The material below holds pictures; leave them out and reproduce exactly the lines from the one with "Фото 3: схема" through the one with "Cric rouleur hydraulique", inclusive.

#### DATA FOR THIS TASK

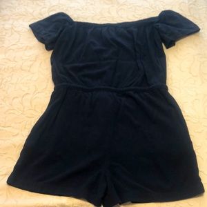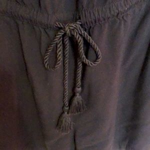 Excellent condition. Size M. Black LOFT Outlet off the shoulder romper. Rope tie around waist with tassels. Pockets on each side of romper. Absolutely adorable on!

########
#### DATA FOR THIS TASK

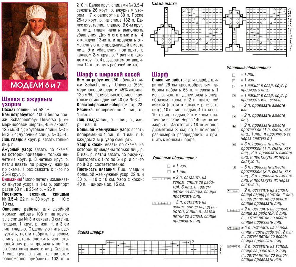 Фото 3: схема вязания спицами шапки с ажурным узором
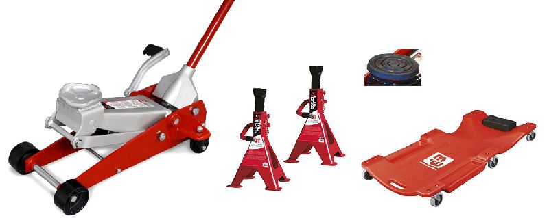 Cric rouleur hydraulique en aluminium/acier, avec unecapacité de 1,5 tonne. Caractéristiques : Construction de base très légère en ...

########
#### DATA FOR THIS TASK

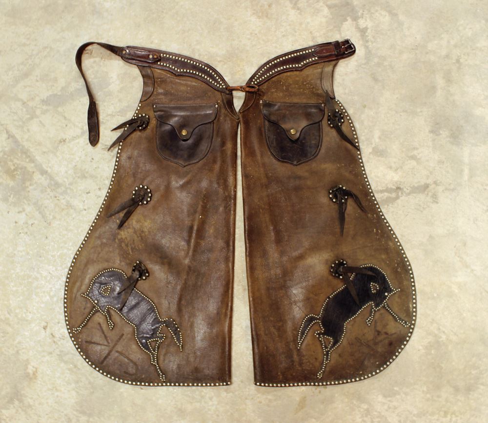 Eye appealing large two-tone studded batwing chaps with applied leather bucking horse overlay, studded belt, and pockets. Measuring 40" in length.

########

■ SOLUTION
 Фото 3: схема вязания спицами шапки с ажурным узором
 Cric rouleur hydraulique en aluminium/acier, avec unecapacité de 1,5 tonne. Caractéristiques : Construction de base très légère en ...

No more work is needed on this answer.